Saturday, October 16, 2010

Electro-Techno-Bass'n'Drum-Rock

So, the Pan-Dora (you gotta say it like Colonel Scarface from Avatar) found me this awesome band a while ago and I need to share it's Epic-ness with all y'all. That band is Pendulum. According to the Pan-Dora and the Wikipedia, they started out as a rock band and migrated to Bass-n-Drum Electro-Techno, and sorta weave back and forth. I like it. Plus, they're Australian and that adds +2 levels of Badass to anything, yeah?

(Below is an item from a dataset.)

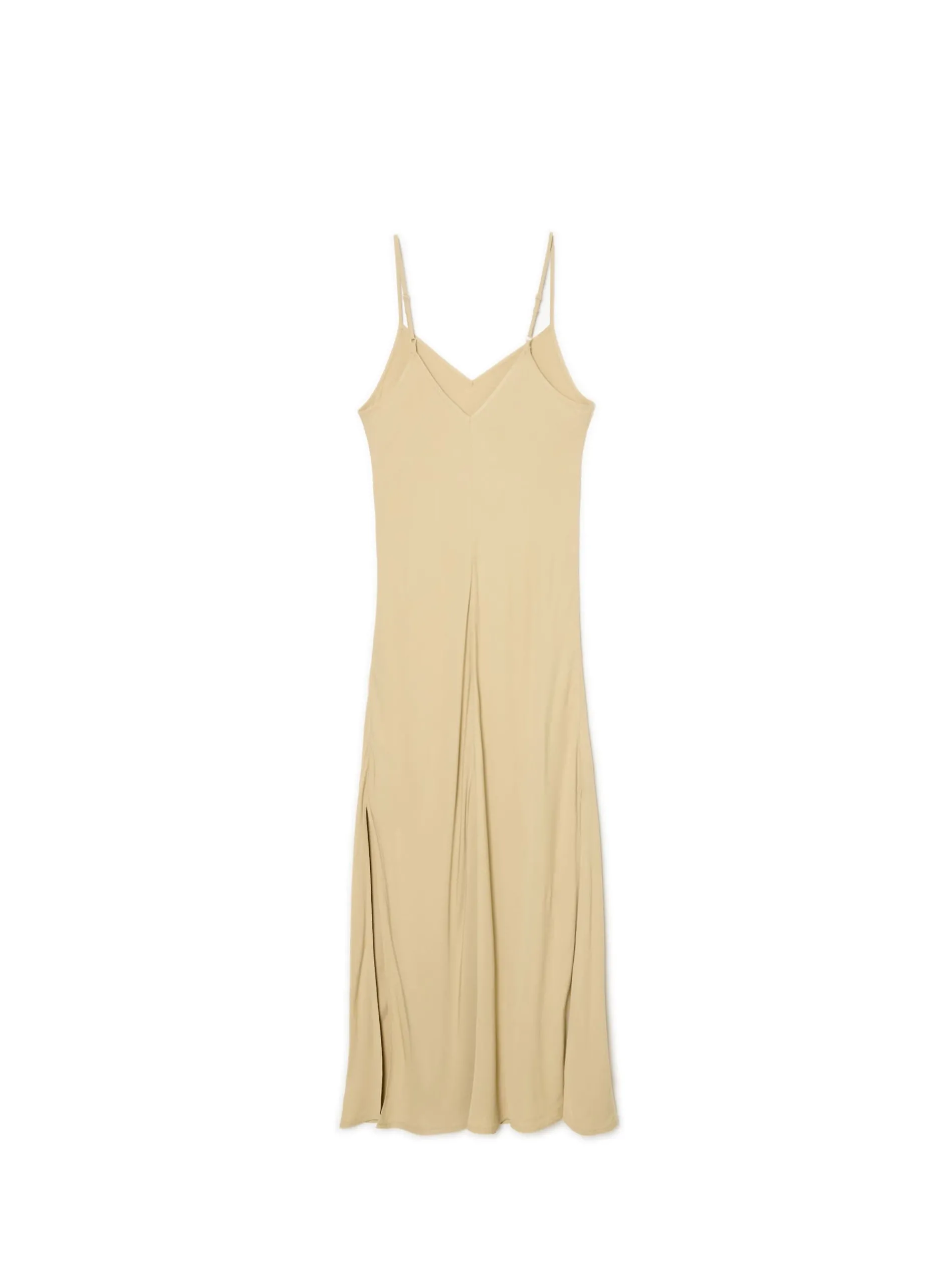 Damska sukienka maxi o dopasowanym kroju uszyta z lekkiej tkaniny. Dobierz do tego modelu swoje ulubione dodatki i na miasto! cienkie ramiączka dekolt w kształcie litery V ozdobne rozcięcia po bokach

The thing I most respect and adore about Pendulum is that their songs are actually distinct from each other. I can listen to any of their albums and not feel like I'm listening to an Hours-Long Single Track like with some other bands I could name but won't... (serious, not naming any.) I enjoy their Diversity of Sound, the combination of strong rhythm and well-written lyrics. They remind me, in a strange way, of Splashdown.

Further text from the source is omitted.